NDB reports stellar performance for September on new loans, lower provisions



  • Records a net interest income of Rs.9.07bn 
  • Out of total loans, Rs.29.46bn came in final three months
  • Stage 3 loans stood at 4.45%, compared to 5.18% at beginning of year
  • NDB Director/CEO says one of key performance highlights is growth of small and medium scale enterprise loan book
Board of Directors Chair Sriyan Cooray
Director and CEO Kelum Edirisinghe  

Amid a deluge of earnings this week, National Development Bank PLC (NDB) reported a solid financial performance for the September quarter, driven by new loans, higher fee incomes and lower impairment provisions.

The bank recorded a net interest income of Rs.9.07 billion for the three months, up 13.8 percent from the same period last year, while the fee incomes rose by an even higher 24.3 percent to Rs.2.77 billion.

This was predominantly supported by new lending, which grew by a substantial Rs.127.16 billion in the nine months through September, translating into a 24.9 percent increase. Of this, Rs.29.46 billion came in the final three months, reflecting some moderation in growth.

Despite the sharp rise in new loans, the bank provided only Rs.1.41 billion for possible bad loans, down markedly from Rs.2.65 billion in the same period last year, as it remained confident in the quality of both new and existing loans.

The bank’s net interest margin, the spread between what it charges on loans and pays on deposits, narrowed to 4.08 percent, from 4.34 percent at the start of the year. This trend is typical as the lending rates adjust to declining market interest rates.

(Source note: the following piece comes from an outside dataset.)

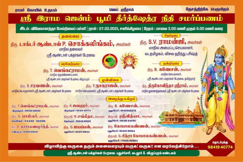 ஸ்ரீராம் ஜென்மபூமி தீர்த்த சேஷ்டா – Pondicherry Meeting(27/02/2021)!!
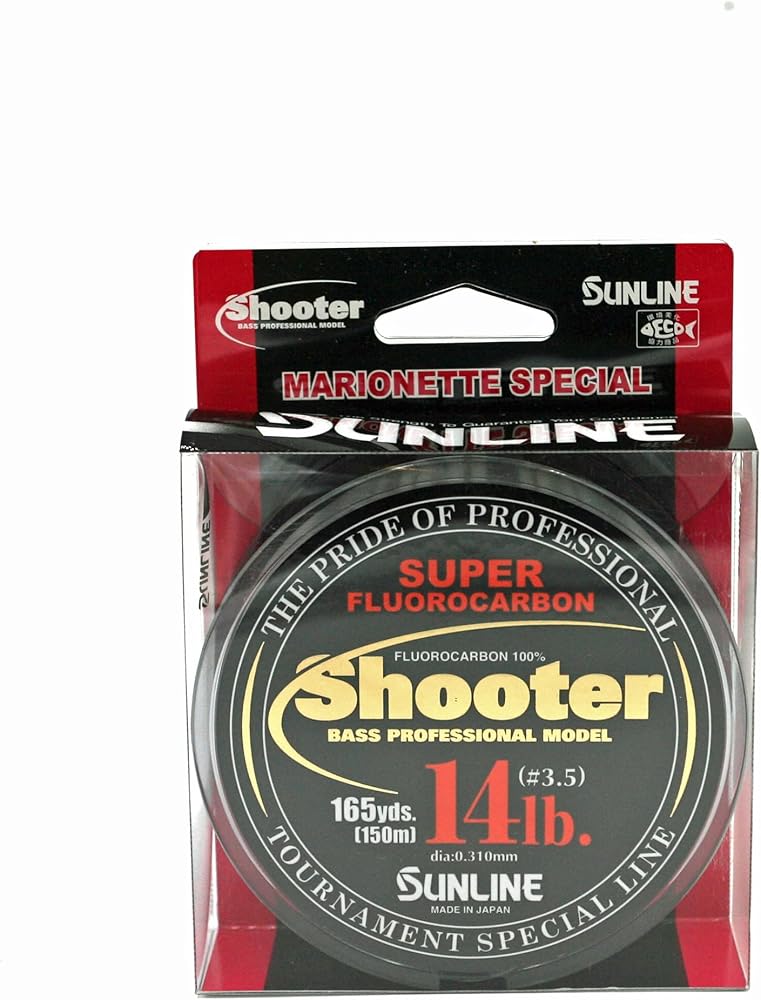 Sunline has introduced a new version of the top line Shooter product. Sunline's goal with making the new version was to create a line that could be used in all applications and was now available in more sizes. It is difficult to make one product exactly the same across a wide range of sizes and have it be effective for all of those, so Sunline now has three versions of Shooter. Shooter Fluorocarbon features include the following: Sunline's highest quality fluorocarbon-Best fc product for flipping or when maximum abrasion resistance is needed-Highest abrasion resistance-Highest sensitivity-Designed for heavy cover applications-Lowest stretch. Stiffer than FC Sniper-Parallel spooling to insure the lowest memory. Triple resin processing.

The Stage 3 loans ratio, which measures the quality of the loan portfolio, stood at 4.45 percent, compared to 5.18 percent at the beginning of the year. A lower ratio suggests higher asset quality.

Commenting on the performance, NDB Director and Chief Executive Officer Kelum Edirisinghe said that amongst others, one of the key performance highlights is the growth of the small and medium scale enterprise loan book, which expanded by over 24.0 percent on a year-to-date basis.

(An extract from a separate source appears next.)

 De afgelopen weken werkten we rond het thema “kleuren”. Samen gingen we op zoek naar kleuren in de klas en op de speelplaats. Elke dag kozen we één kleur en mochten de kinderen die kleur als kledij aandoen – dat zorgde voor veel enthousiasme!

“Looking ahead, we remain focused on further sharpening our strategic direction, with significant groundwork underway. A broad strategic realignment is taking shape across the bank, positioning us for sustainable growth and value creation for the benefit of our shareholders and other stakeholders in the years ahead,” he said.

The bank attributed its net fee income performance to targeted efforts made to strengthen the non-fund sources of income, thereby enhancing the resilience of the bank’s overall income composition.

The banks’ numerous and often opaque fee incomes have recently drawn the attention of the Central Bank, which has called for greater transparency and justification.

NDB reported earnings of Rs.8.49 a share or Rs.3.62 billion for the July-September quarter, compared to Rs.3.48 a share or Rs.1.47 billion in the same period last year, a 145.6 percent increase.

The Employees’ Provident Fund held a 9.46 percent stake in the bank as of September 30, 2025, making it the lender’s second-largest shareholder.